Возможно, подействовало напряжение в моем голосе, а может, и нервный тик возле левого глаза. Но он оставил тему.
– В экстренной ситуации, – сказал он очень мягко, – звони Дельте. Если ты не появишься в кафе через несколько недель, я приеду сюда и начну поиски твоего тела.
Его тон был хорош. Безразличный, деловой, с тонким намеком на сарказм. Он заставлял меня восстанавливаться. Я поцокала языком.
– Даже не надейся.
– Как один одиночка другому скажу, что я знаю приметы. Ты делаешь, что должна, даже если это ведет тебя к саморазрушению.
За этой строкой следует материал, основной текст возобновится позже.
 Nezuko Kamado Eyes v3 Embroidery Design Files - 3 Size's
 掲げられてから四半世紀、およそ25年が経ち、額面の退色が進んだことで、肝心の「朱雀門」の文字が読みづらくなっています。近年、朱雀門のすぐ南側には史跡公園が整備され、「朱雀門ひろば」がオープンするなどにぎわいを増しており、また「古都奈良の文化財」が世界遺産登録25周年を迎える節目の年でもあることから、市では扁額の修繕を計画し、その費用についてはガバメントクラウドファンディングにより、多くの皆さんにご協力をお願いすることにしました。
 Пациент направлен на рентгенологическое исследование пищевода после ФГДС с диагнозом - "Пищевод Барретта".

– Если найдешь мой объеденный труп в волчьей берлоге, прошу, не думай, что я естественным образом сама бросилась им в зубы в припадке суицидального отчаянья. И не сжигай этот дом, несмотря на приметы. Я недавно изменила завещание в твою пользу.
Он замер. Его взгляд проникал мне в душу, оценивая и пытаясь принять дикость того, что я только что сказала.
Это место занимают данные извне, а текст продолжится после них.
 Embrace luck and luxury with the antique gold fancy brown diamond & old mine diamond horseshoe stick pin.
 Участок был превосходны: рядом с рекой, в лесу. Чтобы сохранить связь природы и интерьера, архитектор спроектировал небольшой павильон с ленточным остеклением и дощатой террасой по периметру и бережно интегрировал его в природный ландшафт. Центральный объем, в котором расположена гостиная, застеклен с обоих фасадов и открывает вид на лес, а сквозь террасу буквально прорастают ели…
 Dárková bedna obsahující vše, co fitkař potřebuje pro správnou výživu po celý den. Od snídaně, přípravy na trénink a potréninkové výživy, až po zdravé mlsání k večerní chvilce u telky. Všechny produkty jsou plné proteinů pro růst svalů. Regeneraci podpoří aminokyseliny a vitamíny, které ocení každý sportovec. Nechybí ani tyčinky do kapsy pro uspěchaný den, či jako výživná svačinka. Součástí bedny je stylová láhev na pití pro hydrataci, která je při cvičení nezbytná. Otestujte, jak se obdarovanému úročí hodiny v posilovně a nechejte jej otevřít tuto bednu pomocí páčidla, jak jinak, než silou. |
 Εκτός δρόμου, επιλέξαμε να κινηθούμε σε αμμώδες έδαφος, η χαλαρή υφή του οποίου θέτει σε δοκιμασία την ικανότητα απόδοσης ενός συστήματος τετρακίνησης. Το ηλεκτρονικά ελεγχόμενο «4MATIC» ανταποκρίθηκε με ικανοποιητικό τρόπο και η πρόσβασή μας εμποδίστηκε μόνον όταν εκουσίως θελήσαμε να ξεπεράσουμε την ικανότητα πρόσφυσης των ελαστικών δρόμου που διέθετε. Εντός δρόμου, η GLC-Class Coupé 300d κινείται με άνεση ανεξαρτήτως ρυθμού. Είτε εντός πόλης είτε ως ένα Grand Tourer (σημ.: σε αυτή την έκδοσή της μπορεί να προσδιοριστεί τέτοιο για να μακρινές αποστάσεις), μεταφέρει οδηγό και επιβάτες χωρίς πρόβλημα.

– Ты не шутишь? – изумленно выдохнул он.
– Не шучу. Нет.
– Кэти, это не то, чего я…
– Избавь меня от этого раболепия. Но, как я понимаю, ты не станешь сжигать этот дом, зная, что он принадлежит тебе?
Он сделал глубокий вдох. И снова сверкнул на меня глазами.
– Прости, но мы с тобой заключили сделку. Если ты умрешь, дом сгорит.
– Изначальная угроза звучала иначе.
– Я только что ее переделал.
– Но ты всерьез. Ты действительно всерьез.
– Еще как. Если ты убьешь себя намеренно, или даже по неосторожности – скажем, споткнешься и упадешь с крыльца с фатальными последствиями для организма, – или тебя покусает бешеная белка, или убьет метеором, не важно. Это место превратится в тост.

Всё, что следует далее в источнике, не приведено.